On 10/3/19 10:13 PM, Fred Baker wrote:
> There is one thing in 1122/1123 and 1812 that is not in those kinds
> of documents that I miss; that is essentially "why". Going through
> 1122/1123 and 1812, you'll ind several sections that say "we require
> X", and follow that with a "discussion" section that says "we thought
> about X, Y, and Z, there were proponents of each, the arguments were
> X', Y', and Z', and we chose X for this reason". I would presume that
> what you're really looking for in a 1812-for-IPv6 is not "we require
> X" as much as "for this reason". Correct me if I'm wrong.

Ah.  What I'm looking for is a list of check-boxes to include in an
implementation specification for an edge router.  It can be references
to a whole bunch of RFCs and "packaged" as a BCP.  The discussions you
describe are better in the individual papers.

Side note: I'm used to rationales being included in Standards, and
welcome them, as long as they are normative and clearly marked so.

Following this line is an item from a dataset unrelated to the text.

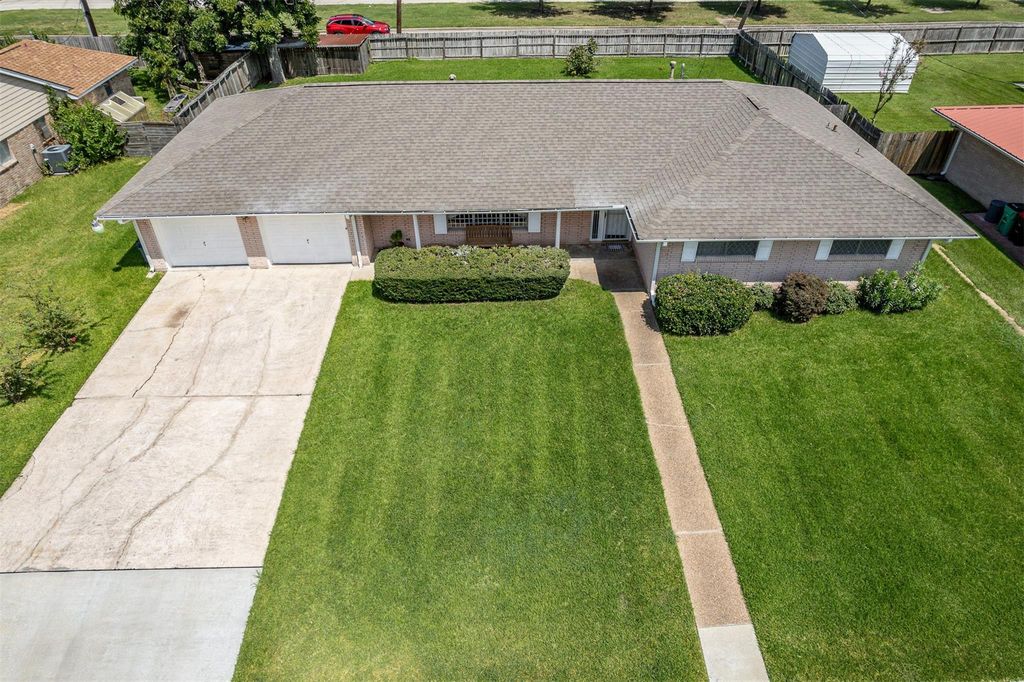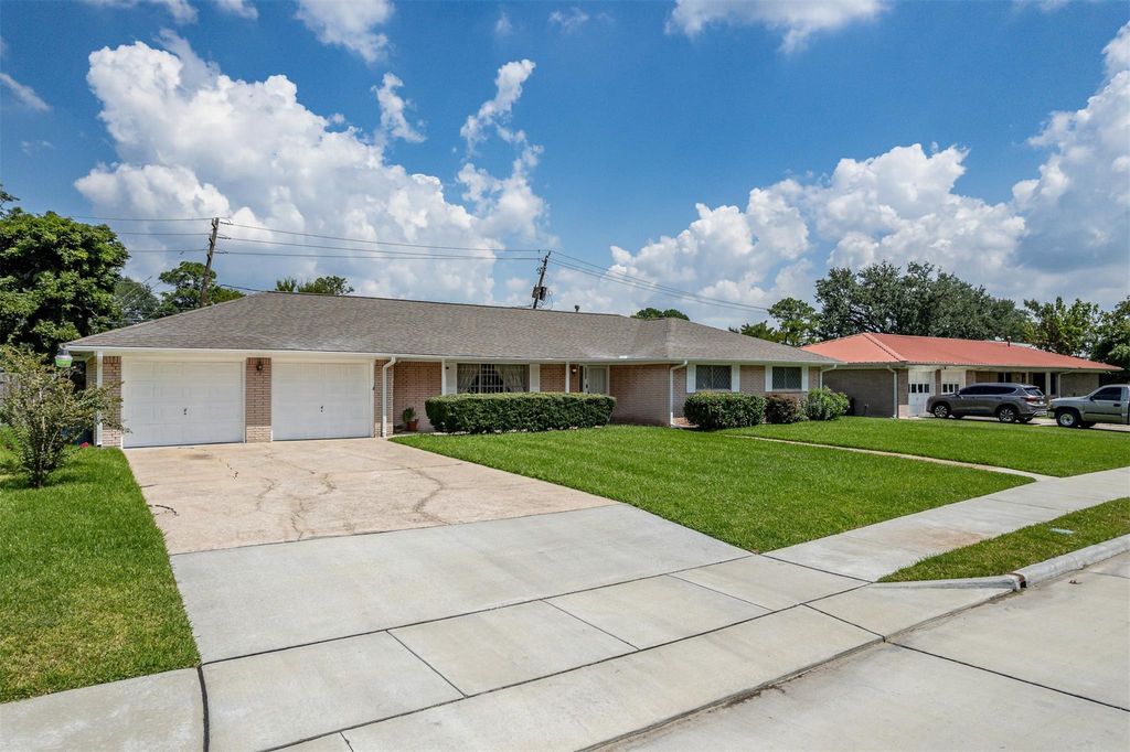 This brick home has been occupied by the same family for over 40 years. It is ready for a new family to make their own memories in. This brick home has 3 bedrooms and two large living areas. One living room is open to the kitchen an breakfast area, ideal for entertaining or gatherings. There is ample storage throughout the home and also an additional storage room adjacent to the garage. The laundry room is a generous size. Back yard has a storage area for garden tools or other items. Roof, water heater, AC, gutters and carpet have been replaced with new in the last few years since 2020. Plumbing has been updated to Pex plumbing and electrical box has been upgraded as well. Lovely quartz countertops in kitchen are a nice upgrade as well. This house is move in ready! Never flooded!

> I can kick the idea around in the IETF if its important to you. I'll
> be looking for a LOT of operational input.

It could well me that the data is there, we just need a document to
index it all.  That's what I thought a BPC was supposed to be.  It would
be like an article in ACM Computing Surveys, which references the
existing literature, as opposed to being created from whole cloth.

I think I steered everyone wrong when I was talking about some of the
exposition in the text, specifically the examples.  That kind of
material really belongs in an RFC.  My apologies.